This is a question that a friend asked me (has the final answer too).
The pdf of a random variable $X$ is
$$ f(x) = 0.5,\quad -1 < x < 1 $$
The random variable Y is defined as
$$ Y = \begin{cases} -2X, & -1 < X < 0 \\ X+1, & 0 < X <1 \end{cases}$$
I tried using the inverse transform method but I'm unsure of how to go about this since $Y$ takes values in $[1, 2)$ in both intervals provided above. I get the fact that there should be some sort of an overlapping in this case but can someone provide me with a rigorous way to solve this problem.

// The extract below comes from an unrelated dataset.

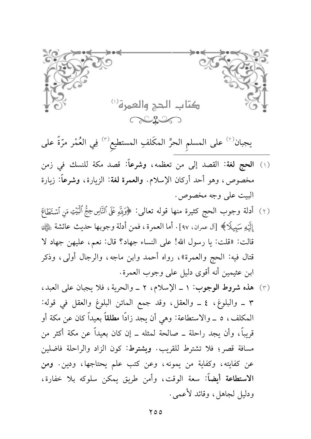 (¬٢) أدلة وجوب الحج كثيرة منها قوله تعالى: {وَلِلَّهِ عَلَى النَّاسِ حِجُّ الْبَيْتِ مَنِ اسْتَطَاعَ إِلَيْهِ سَبِيلًا} [آل عمران، ٩٧]. أما العمرة، فمن أدلة وجوبها حديث عائشة رضي الله عنها قالت: «قلت: يا رسول الله! على النساء جهاد؟ قال: نعم، عليهن جهاد لا قتال فيه: الحج والعمرة»، رواه أحمد وابن ماجه، والرجال أولى، وذكر ابن عثيمين أنه أقوى دليل على وجوب العمرة.

The answer was given to be
$$ f(y) = \begin{cases} 0.25, & 0 < y < 1 \\ 0.75, & 1 < y <2 \end{cases}$$
Here is what I did:
$P(Y \leq y) = P(-2X \leq y) = \frac{1}{2} + \frac{y}{4}$.
Taking the derivative of the above CDF, I get $f_Y(y) = 0.25$ when $0 < y < 2$.
I carried out the same procedure for the other interval and obtained $f_Y(y) = 0.5$ when $1 < y < 2$.
Is it alright to conclude that the pdf is as provided in the solution because there is an overlap between the two intervals? Is there a more rigorous way of showing this?